An homage to Dr. Paul McHugh, a beneficent giant of psychiatry

I consider Dr. Paul McHugh the greatest living American psychiatrist and neurologist for his many contributions and his adherence to good medical science and practice, advocacy for good sense, and commitment to evidence-based medical practice. When he became chief of psychiatry at Johns Hopkins School of Medicine, he shut down the gender transition medical and surgical treatment programs. He explained that he could not agree with elective mutilating treatments to treat a mental disorder.

Dr. McHugh is an author, clinician, academic, researcher, and medical public health and social policy intellectual. His last three positions before retiring were Chief of Psychiatry at Cornell, Chief of Psychiatry at Johns Hopkins, and a University Professor at John Hopkins Medical School. Even the leftists at Wikipedia must acknowledge his objective credentials, even as they retell all the criticisms against him.

For leftists, McHugh has committed the big sin of calling out sex deviants for having mental disabilities, even as he asserts the societal value of good psychiatry, morality, and good behavior. How uncool, considering the left’s zeitgeist.

Here are some of his ideas and accomplishments:

  • Freud and Freudian psychiatry are unscientific and unreliable. They have negatively affected good psychiatric practice, which must be more evidence-based and scientific.
  • The Diagnostic and Statistical Manual (DSM) of Mental Disorders skips the hard work of good psychiatric care. He focuses on psychiatry grounded in motivated behaviors, genetics, epidemiology, and neuropsychiatry.
  • He supports the Mini-Mental-Status exam for dementia and cognition, which he helped develop and that is widely used to evaluate cognitive capacity.
  • In his textbook Perspectives of Psychiatry, which he co-authored with Dr. Phillip Slavney, he advocates evidence-based psychiatry that has support from genetics, neurology, behavioral psych, psych therapy, and social science.
  • His research on memories of trauma shows that victims of trauma and abuse are haunted by the experience rather than suppressing it. This debunked the life-destroying theory of recovered memories of childhood sex abuse.
  • He describes homosexual orientation as a choice based on desires and influenced by the environment. I think of it as a fetish, which is a paraphilia (that is, intense sexual pleasure from deviant sources). McHugh’s opinions are based on his studies of motivated behaviors.
  • He asserted that dysmorphism and gender confusion are mental health disorders, not a person stuck in the wrong body.
  • He has written on the negative outcomes of gender transition treatment long before Dr. Cass did her study in the UK. He condemns the surgical mutilation approach, the media/chattering class meme, and cherry-picked stories and scare scenarios that promote gender change treatment.
  • He insists that, in medicine, the rule should always be primum non nocere (first do no harm). This applies to the gender transition movement that proposes draconian physical treatments for mental disorders.
  • Along with Leon Kass, Dr. McHugh believes that there is a problem of medicalization in America. This is the mindset that believes there is a pill for every problem and a diagnosis for everything. There is an obsession with medical interventions, professional counseling, treatments for the realities of life, and even medical treatments to enhance performance.

Regarding this last point, the reader cannot help but consider what has happened in the matter of gender dysmorphism and appropriate medical management. There have been other mass hysteria epidemics, but this one is certainly emblematic of the societal problem of medicalization.

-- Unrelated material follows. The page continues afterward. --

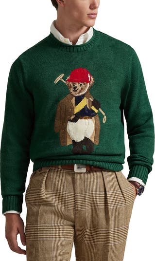 The beloved Polo bear is clad in a tweedy, wool-kissed coat to add a spot of polish to this preppy crewneck sweater.
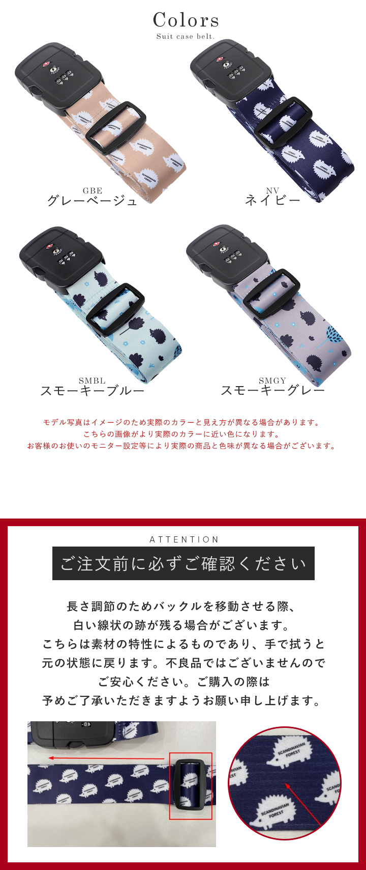 ■バックルの着脱時に指等を挟まないようご注意ください。

Medical professionals with a “do something” mandate sometimes jump in with poorly chosen interventions or solutions because professionals sometimes forget the proper methods for assessing the key issue: What is the problem, and do we have an efficacious and safe solution? Alternatively, will our intervention make things worse or create a new problem? Hormone treatments and mutilating surgery have permanent effects that cannot be extinguished.

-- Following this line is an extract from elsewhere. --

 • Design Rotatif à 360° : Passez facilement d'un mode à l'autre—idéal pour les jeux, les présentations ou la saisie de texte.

Dr. McHugh’s wisdom is a product of intelligence, education, and experience. He has provided an insightful and beneficial voice for medicine. Too bad that his advice has often been ignored.

Image: Dr. Paul McHugh (edited). YouTube screen grab.

John Dale Dunn, MD, JD, is a 50-year emergency physician and 40-year attorney who was a consultant and physician with the local public mental health program for two decades.